[[ EXERCISE DATA open ]]

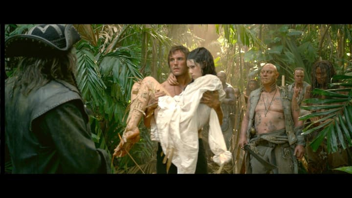 The narrative branches, following multiple characters pursuing their own agendas. Will, forced to serve aboard the Flying Dutchman, witnesses Jones' cruelty and discovers his tragic backstory. Elizabeth, freed from prison, sets off to find Will, her journey culminating in a daring escape from cannibal island Pelegosto. Jack, meanwhile, attempts to evade Jones and use the Dead Man's Chest to control him, a plan complicated by everyone wanting the chest for their own purposes.
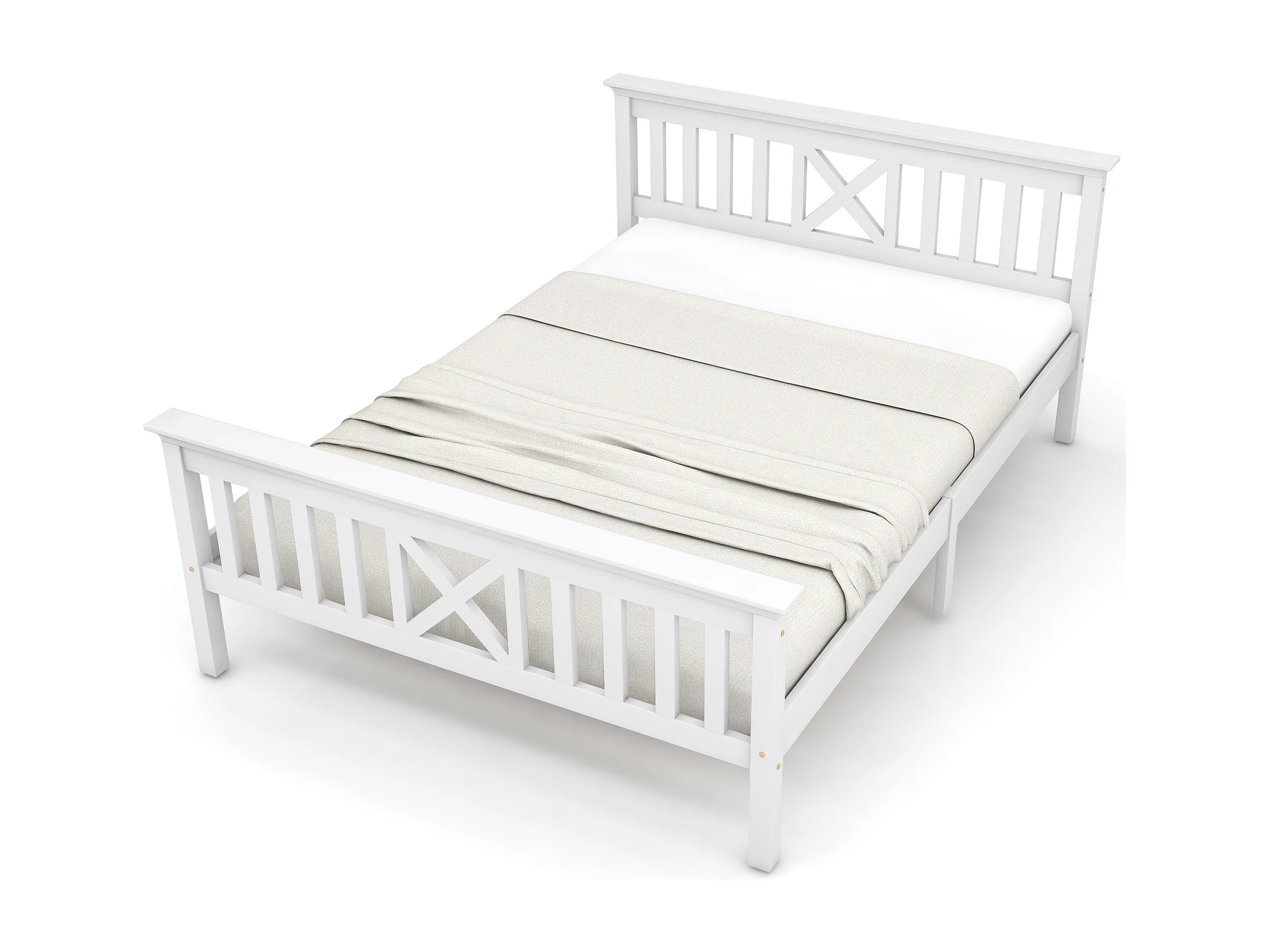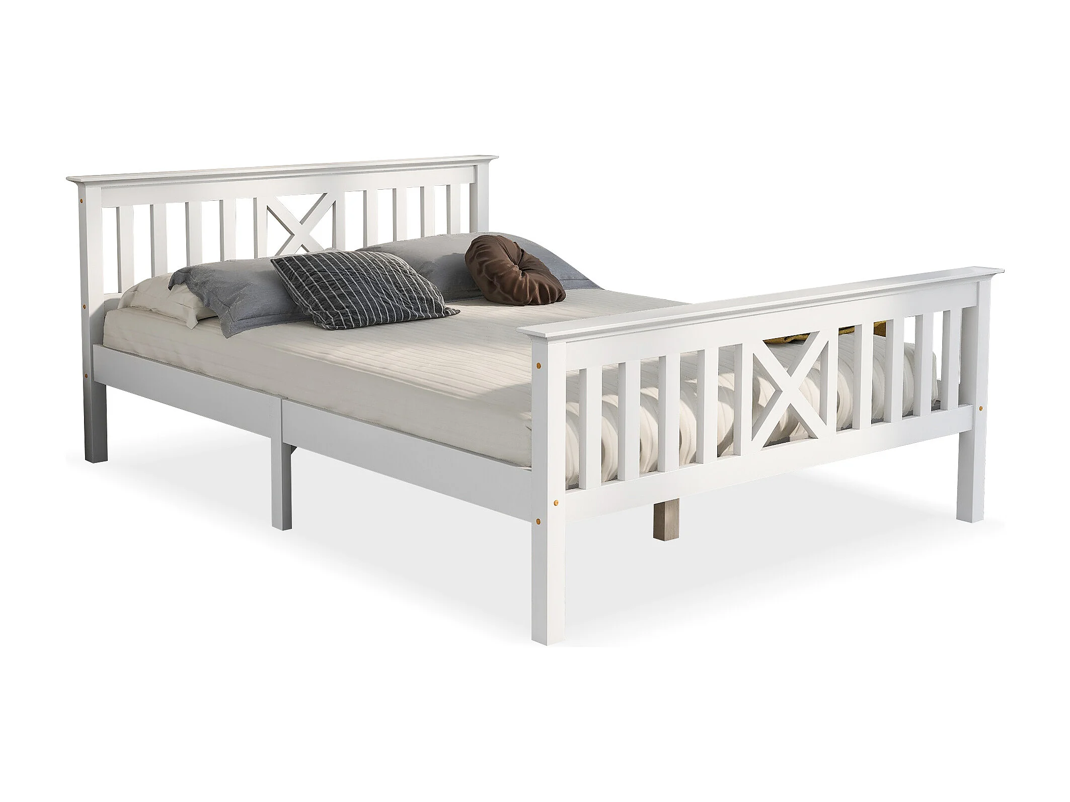 Lit adulte 140 x 200 cm - avec tête de lit et sommier à lattes - bois blanc - matelas non inclus
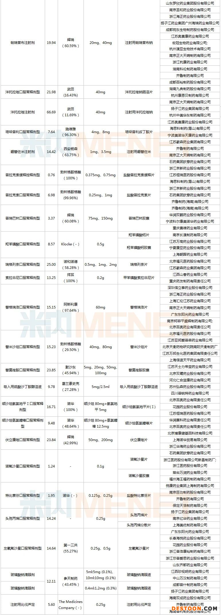 此前流傳版本納入44個品種90個品規(guī),正式文件為45個品種80個品規(guī)。經(jīng)比對,玻璃酸鈉滴眼劑5ml:5mg (0.1%)、10ml:10mg (0.1%)與玻璃酸鈉滴眼劑0.4ml:1.2mg (0.3%)分列為兩個品種。此外,多索茶堿注射劑少了10ml:0.2g、20ml:0.3g兩個規(guī)格、氯雷他定少了5mg規(guī)格、那格列奈口服常釋劑型少了30mg規(guī)格、培哚普利少了2mg規(guī)格、羥苯磺酸少了0.25g規(guī)格、吸入用硫酸沙丁胺醇少了0.1g/20ml規(guī)格、替米沙坦少了20mg規(guī)格、頭孢丙烯少了0.125g、0.5g兩個規(guī)格。
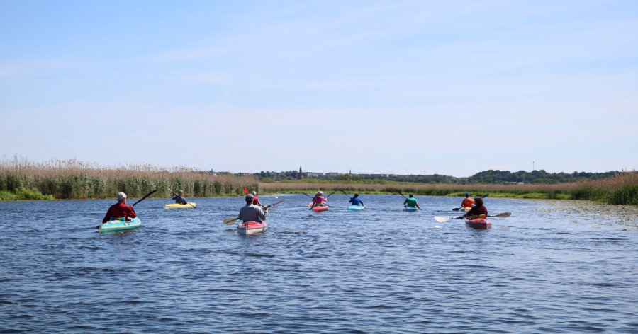 Nach unserer Mittagspause sind wir nochmals ins Poldergebiet hinein gepaddelt. Da Stettin immer näher kam, war auch schon etwas mehr Betrieb auf dem Wasser. Im Poldergebiet haben wir also andere Paddler sowohl sitzend in Kajaks als auch stehend auf ihren Boards getroffen. An einer großen Auto- und Eisenbahnbrücke haben wir ausgesetzt. Dort hat Jörg bereits auf uns gewartet, der mit drei Booten und vier Autofahrern zurück nach Mescherin gefahren ist. Wir haben es uns gemütlich gemacht, gelesen und gequatscht, bis die Autopendler wieder zurück waren. Dann wurden die Boote verladen, und alle fuhren zurück nach Mescherin.

[[ EXERCISE DATA closed ]]

> **REQUIRED WORK**:
Write out every line above exactly, minus images.

> **SOLUTION TO THIS PROBLEM**:
 The narrative branches, following multiple characters pursuing their own agendas. Will, forced to serve aboard the Flying Dutchman, witnesses Jones' cruelty and discovers his tragic backstory. Elizabeth, freed from prison, sets off to find Will, her journey culminating in a daring escape from cannibal island Pelegosto. Jack, meanwhile, attempts to evade Jones and use the Dead Man's Chest to control him, a plan complicated by everyone wanting the chest for their own purposes.
 Lit adulte 140 x 200 cm - avec tête de lit et sommier à lattes - bois blanc - matelas non inclus
 此前流傳版本納入44個品種90個品規(guī),正式文件為45個品種80個品規(guī)。經(jīng)比對,玻璃酸鈉滴眼劑5ml:5mg (0.1%)、10ml:10mg (0.1%)與玻璃酸鈉滴眼劑0.4ml:1.2mg (0.3%)分列為兩個品種。此外,多索茶堿注射劑少了10ml:0.2g、20ml:0.3g兩個規(guī)格、氯雷他定少了5mg規(guī)格、那格列奈口服常釋劑型少了30mg規(guī)格、培哚普利少了2mg規(guī)格、羥苯磺酸少了0.25g規(guī)格、吸入用硫酸沙丁胺醇少了0.1g/20ml規(guī)格、替米沙坦少了20mg規(guī)格、頭孢丙烯少了0.125g、0.5g兩個規(guī)格。
 Nach unserer Mittagspause sind wir nochmals ins Poldergebiet hinein gepaddelt. Da Stettin immer näher kam, war auch schon etwas mehr Betrieb auf dem Wasser. Im Poldergebiet haben wir also andere Paddler sowohl sitzend in Kajaks als auch stehend auf ihren Boards getroffen. An einer großen Auto- und Eisenbahnbrücke haben wir ausgesetzt. Dort hat Jörg bereits auf uns gewartet, der mit drei Booten und vier Autofahrern zurück nach Mescherin gefahren ist. Wir haben es uns gemütlich gemacht, gelesen und gequatscht, bis die Autopendler wieder zurück waren. Dann wurden die Boote verladen, und alle fuhren zurück nach Mescherin.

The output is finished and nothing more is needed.